* _Description of the task_
Please copy the lines below, exactly as they are, from the one with "Resolva até 80%" through the one with "Astrological Chart: used", and leave out the pictures.

* _Material for this task_
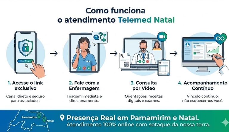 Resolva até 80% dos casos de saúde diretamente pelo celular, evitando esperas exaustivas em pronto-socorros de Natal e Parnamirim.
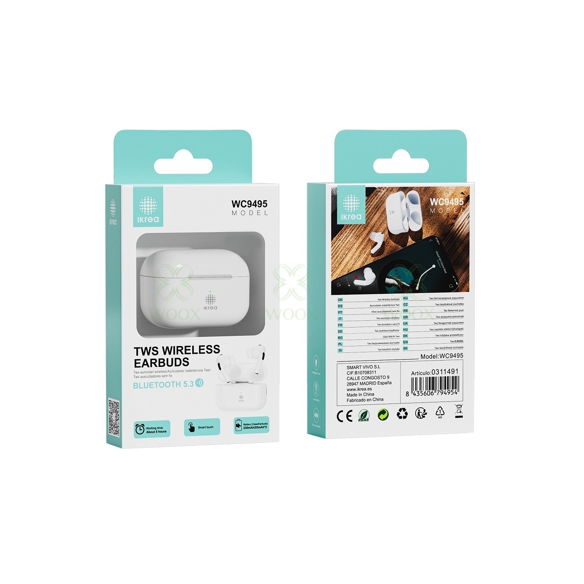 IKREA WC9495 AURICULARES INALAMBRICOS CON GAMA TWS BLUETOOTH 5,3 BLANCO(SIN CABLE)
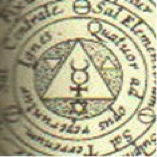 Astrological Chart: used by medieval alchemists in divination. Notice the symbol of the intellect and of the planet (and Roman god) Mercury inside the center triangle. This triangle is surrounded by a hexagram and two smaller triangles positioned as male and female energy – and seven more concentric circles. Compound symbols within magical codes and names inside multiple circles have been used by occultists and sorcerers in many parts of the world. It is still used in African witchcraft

* * *

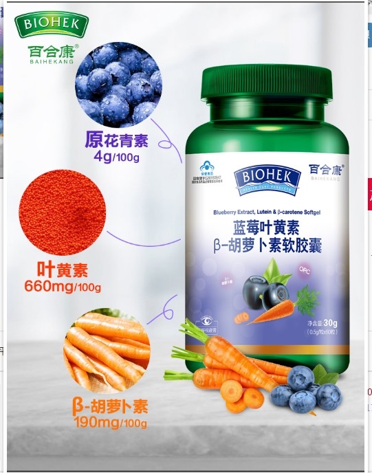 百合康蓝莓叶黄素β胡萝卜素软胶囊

* _Expected answer_
 Resolva até 80% dos casos de saúde diretamente pelo celular, evitando esperas exaustivas em pronto-socorros de Natal e Parnamirim.
 IKREA WC9495 AURICULARES INALAMBRICOS CON GAMA TWS BLUETOOTH 5,3 BLANCO(SIN CABLE)
 Astrological Chart: used by medieval alchemists in divination. Notice the symbol of the intellect and of the planet (and Roman god) Mercury inside the center triangle. This triangle is surrounded by a hexagram and two smaller triangles positioned as male and female energy – and seven more concentric circles. Compound symbols within magical codes and names inside multiple circles have been used by occultists and sorcerers in many parts of the world. It is still used in African witchcraft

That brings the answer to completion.